В то же время она помнила его позор – когда он поднялся, растерянный, со стиснутыми зубами, и по хребту его проходили змеиные судороги. Но она старалась не думать об этом. Не только у нее, но и у него что-то не в порядке – могла ли она признаться себе, что ее это чуточку обрадовало? Ужасно было бы, но и утешительно, если бы он страдал какой-нибудь врожденной болезнью, наследственным постыдным недугом, о котором только молчат, вроде недержания или рака – это слово она никогда не произносила вслух из суеверного страха, что оно заразит через рот. Глупость, конечно, в которой она никому не призналась бы. Но тогда они могли бы жалеть друг друга, соединенные в любви своими бедами. Она и жалела его, но чувствовала себя немного обманутой. Если у него что-то не в порядке, почему не признался ей по секрету? Хотя она отлично понимала, почему он не мог. Ведь и она умолчала. Да и как он мог признаться в своей слабости – какими словами начать? Не существовало таких слов. Такой язык еще надо было выработать.

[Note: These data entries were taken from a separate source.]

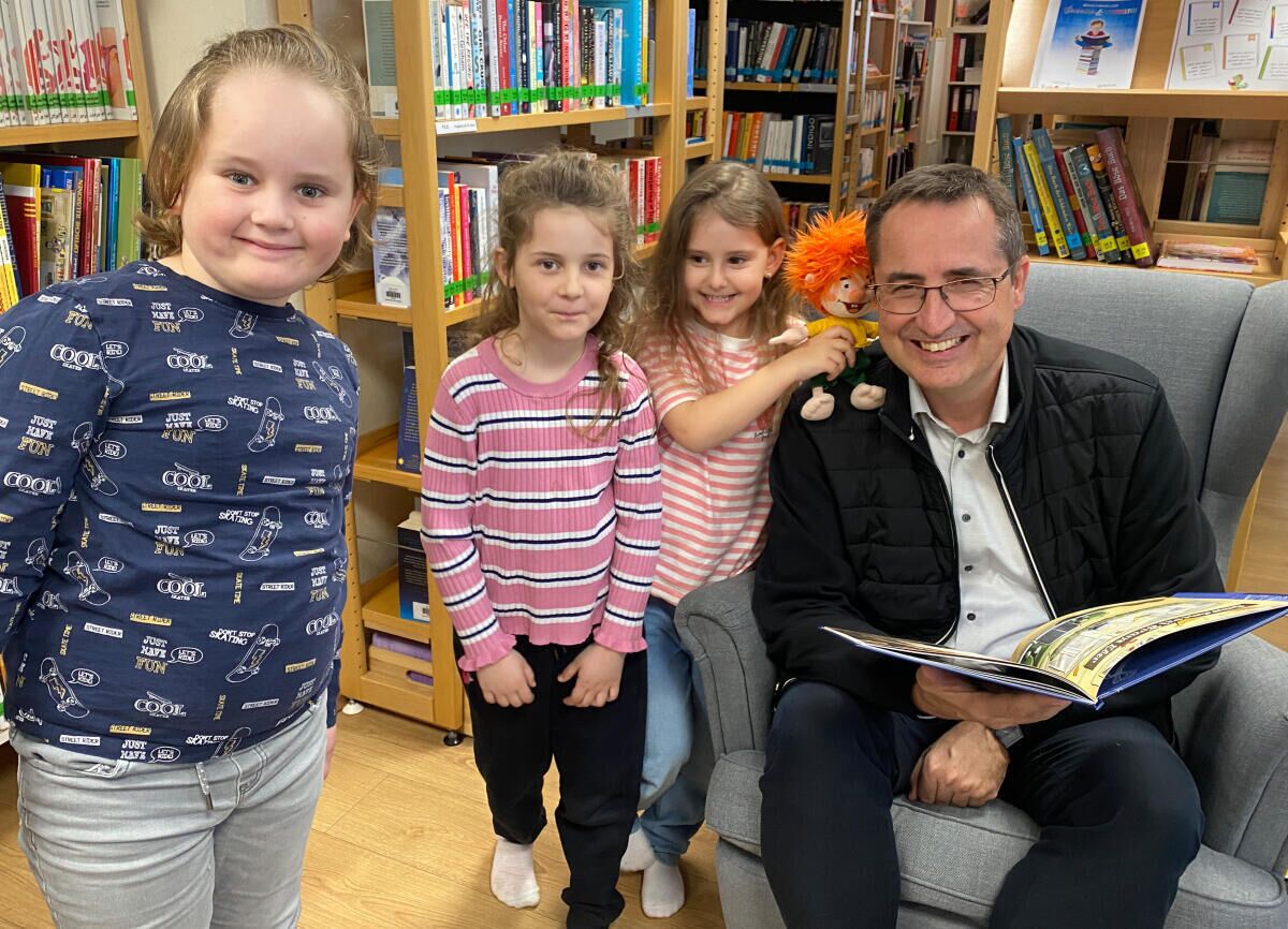 Bereits am Vormittag besuchten rund 30 Schulanfänger aus dem Kindergarten die Bibliothek. Sie lauschten drei Geschichten, die ihnen Brigitte Hader vorlas, und zeigten dabei große Aufmerksamkeit und Begeisterung. Am Nachmittag wurde die Bibliothek zum Treffpunkt für Familien: Rund 20 Kinder kamen gemeinsam mit ihren Eltern, um den Geschichten zu folgen. Bürgermeister Max Oberleitner brachte mit „Pumuckl“ einen Klassiker zum Klingen, Julia Ribbeck las aus „Frau Honig“, Gerti Öhlinger stellte „Die Erinnerungskiste“ vor und Sonja Lorenz erzählte aus „Auch Drachen müssen mal“. Für ein besonders charmantes Detail sorgte dabei der Pumuckl von Josefin, der zur Lesung mitgebracht wurde und gemeinsam mit dem Bürgermeister für ein Erinnerungsfoto posierte.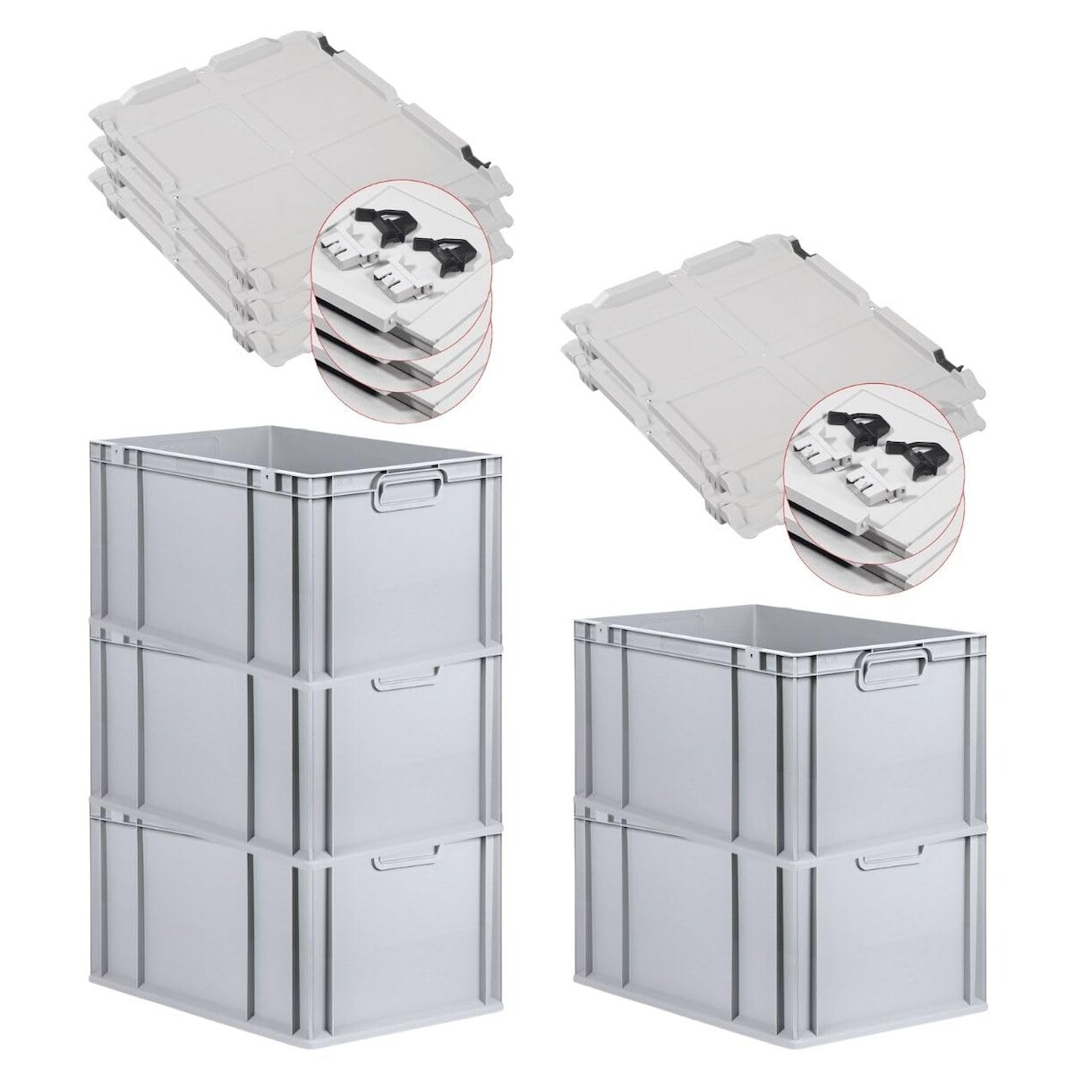 PROREGAL SuperSparSet 5x Eurobox NextGen Economy mit Scharnierdeckel & schwarzen Verschlüssen, Griffe zu, HxBxT 32x40x60cm, 65L, Eurobehälter, Box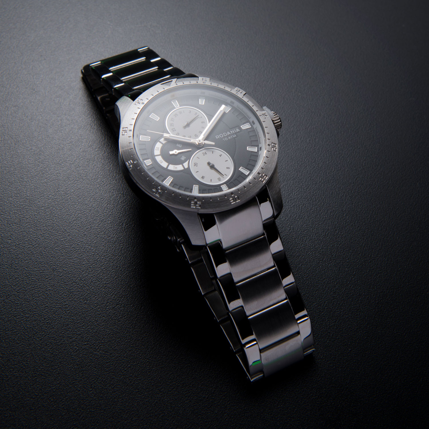 Running, walking, or on wheels... the world is yours with the Elements Multi, a gem of the Rodania Energy collection. Go beyond your boundaries with a watch that reflects your energy and style. Powered by a Miyota quartz movement, it's a gorgeous piece for the man on the go.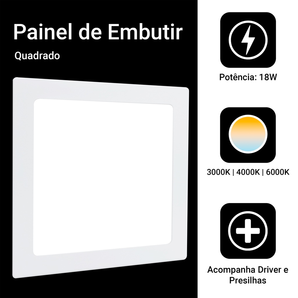 Kit 4 Led Painel Plafon Embutir 18w Quadrado Slim Luz Frio Forte

Развивая эту мысль, она вместе с тем отлично сознавала, что никакого изъяна в нем нет. Совсем никакого. Дело в ней, только в ней. Она стояла, прислонясь к большому лежащему дереву, вероятно выброшенному на берег штормом, ошкуренному волнами, гладкому и затвердевшему от соли. Ее поясница удобно поместилась между стволом и большим суком, и массивный ствол еще отдавал остатнее дневное тепло. Так мог бы младенец нежиться на сгибе материнской руки, но Флоренс не верила, что такое бывало с ней. У Виолетты руки были худые и напряженные от постоянного писания и мыслительной работы. Когда Флоренс было пять лет, у них служила норлендская няня, полненькая и уютная, с музыкальным шотландским голосом и красными руками – но ей пришлось уйти из-за какой-то некрасивой истории.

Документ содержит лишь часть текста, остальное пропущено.